Mediastinal Lymph Node Quantification (LNQ): Segmentation of Heterogeneous CT Data 





Example of expert annotations of mediastinal lymph nodes on a contrast-enhanced CT scan of the type to be used in the challenge.

🎬 Introduction

Accurate lymph node size estimation is critical for staging cancer patients, initial therapeutic management, and in longitudinal scans, assessing response to therapy. Current standard practice for quantifying lymph node size is based on a variety of criteria that use unidirectional or bidirectional measurements on just one or a few nodes, typically on just one axial slice. But humans have hundreds of lymph nodes, any number of which may be enlarged to various degrees due to disease or immune response. While a normal lymph node may be approximately 5 mm in diameter, a diseased lymph node may be several cm in diameter. The mediastinum, the anatomical area between the lungs and around the heart, may contain ten or more lymph nodes, often with three or more enlarged greater than 1 cm. Accurate segmentation in 3D would provide more information to evaluate lymph node disease. Full 3D segmentation of all abnormal lymph nodes in a scan promises to provide better sensitivity to detect volumetric changes indicating response to therapy. 

Machine learning models for medical image segmentation have shown remarkable progress in recent years, but we know of no tools available to fully quantify lymph nodes, probably in part because of a lack of pixel-level ground truth annotations for training. In our view, there are two critical roadblocks that hamper the development of automated lymph node identification and segmentation tools. First, lymph nodes are often within the intensity profile of normal soft tissue and have ill-defined borders, which makes them difficult to identify without medical training. This problem is further complicated by the fact that nodes can become confluent, leading to larger matted structures which have no characteristic shape. Their presentation across subjects can vary significantly, making it difficult to scale from small datasets to robust tools. Second, since there is frequently more than one diseased node per case, and manual annotation is time-consuming, there are no pre-existing clinical use cases where cases are being fully annotated.
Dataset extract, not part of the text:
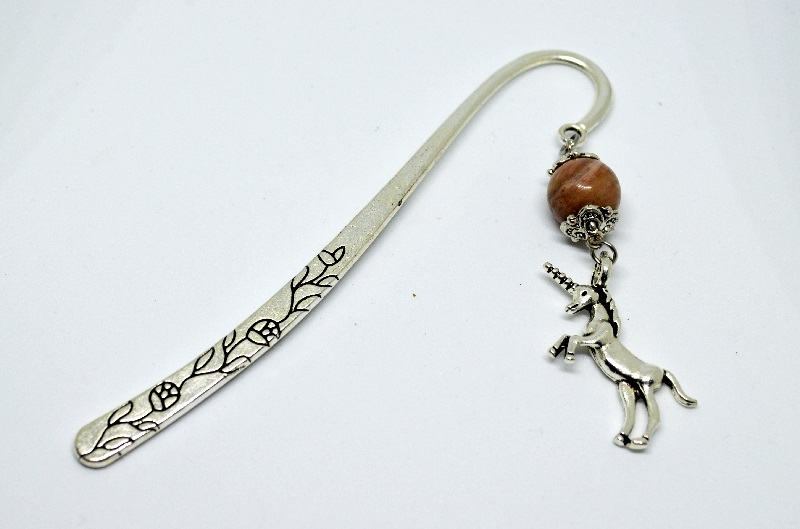 Kovová záložka do knihy s korálkem rodonitu a jednořožcem
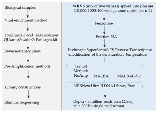 Experimental design with WHO reference virus stocks (WRVS). The experiment was designed to quantify the viral detection level of two MALBAC-based methods compared to the protocol without pre-amplification (NoAmp). The NA fraction of WRVS (mix of quantified reference virus stocks) was used at a final concentration of 104, 103 or 102 viral gc/mL of plasma matrix.

These critical issues make lymph node segmentation an ideal candidate for weakly-supervised segmentation techniques. Weakly-supervised learning has recently garnered strong interest in the medical imaging community, and the development of robust weakly-supervised techniques will enable machine-learning practitioners to leverage the weak annotations that are captured every day during real-world clinical operations.
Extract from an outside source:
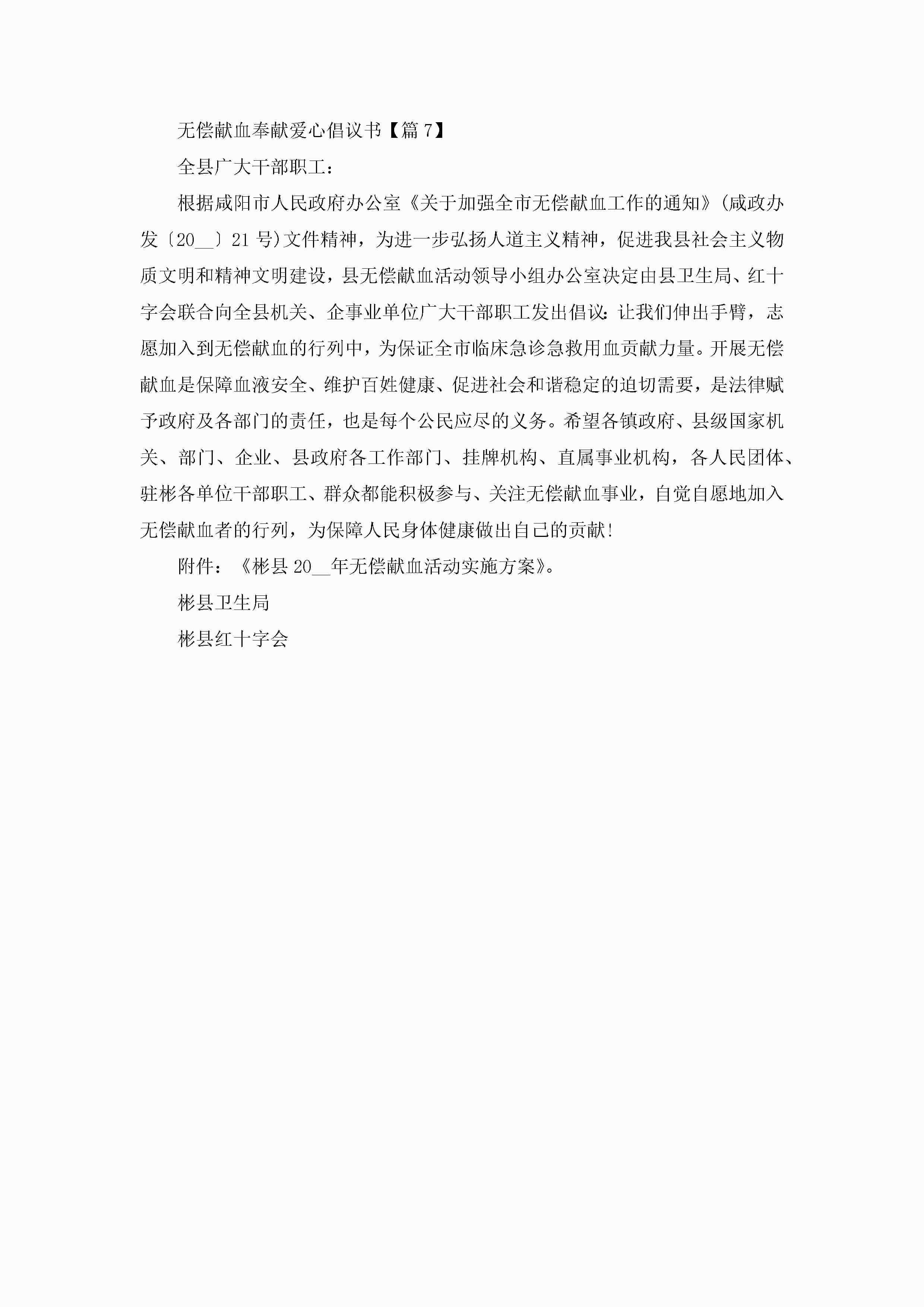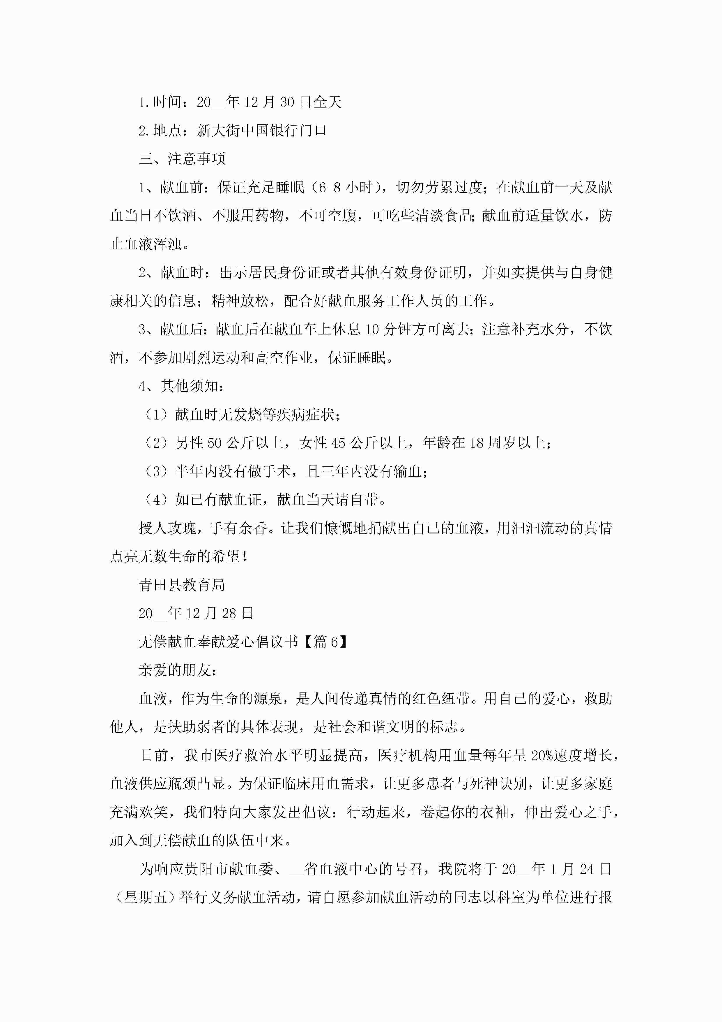2023无偿献血奉献爱心倡议书(精选7篇)jugei3月22日 16:28发布关注197 2023无偿献血奉献爱心倡议书(精选7篇)此内容为付费资源,请付费后查看¥10.9 单篇文档限时特惠¥15个人会员开通企业会员开通立即下载无需登陆!可直接快捷下载单个模板付费资源© 版权声明THE ENDWord模板# 实用文档# 实用模板# 信函模板# 倡议书 如有问题,可点击最底部“联系我们”联系客服 分享QQ空间微博QQ好友海报分享复制链接收藏

While a large variety of weakly-supervised techniques have been proposed for image segmentation, most of these techniques have been validated either on private datasets or by artificially creating partial annotations from fully annotated datasets. The proposed LNQ2023 challenge will provide the first medical benchmark for evaluating the performance of weakly-supervised segmentation techniques for lymph node segmentation on a large dataset part of a clinical trial. The LNQ2023 Challenge invites members of the MICCAI community to develop a system that automatically segments mediastinal lymph nodes in CT scans. The LNQ2023 Challenge training dataset will consist of a unique set of high-quality pixel-level annotations of one or more clinically relevant lymph nodes in a dataset part of cancer clinical trials. The goal will be to segment all lymph nodes larger than 1 cm in diameter in the mediastinum. Participants will be provided with a subset of cases that are partially annotated (i.e. one node out of five), and evaluation of the algorithms will be performed on a distinct dataset that is fully annotated (i.e. all clinically relevant nodes). LNQ2023 is a completely open challenge. The LNQ2023 website will enable participants to submit their results to be automatically evaluated and presented on a leaderboard. The Dice Similarity Coefficient of spatial overlap and Average Symmetric Surface Distance (ASSD) will be used as evaluation metrics for segmentation.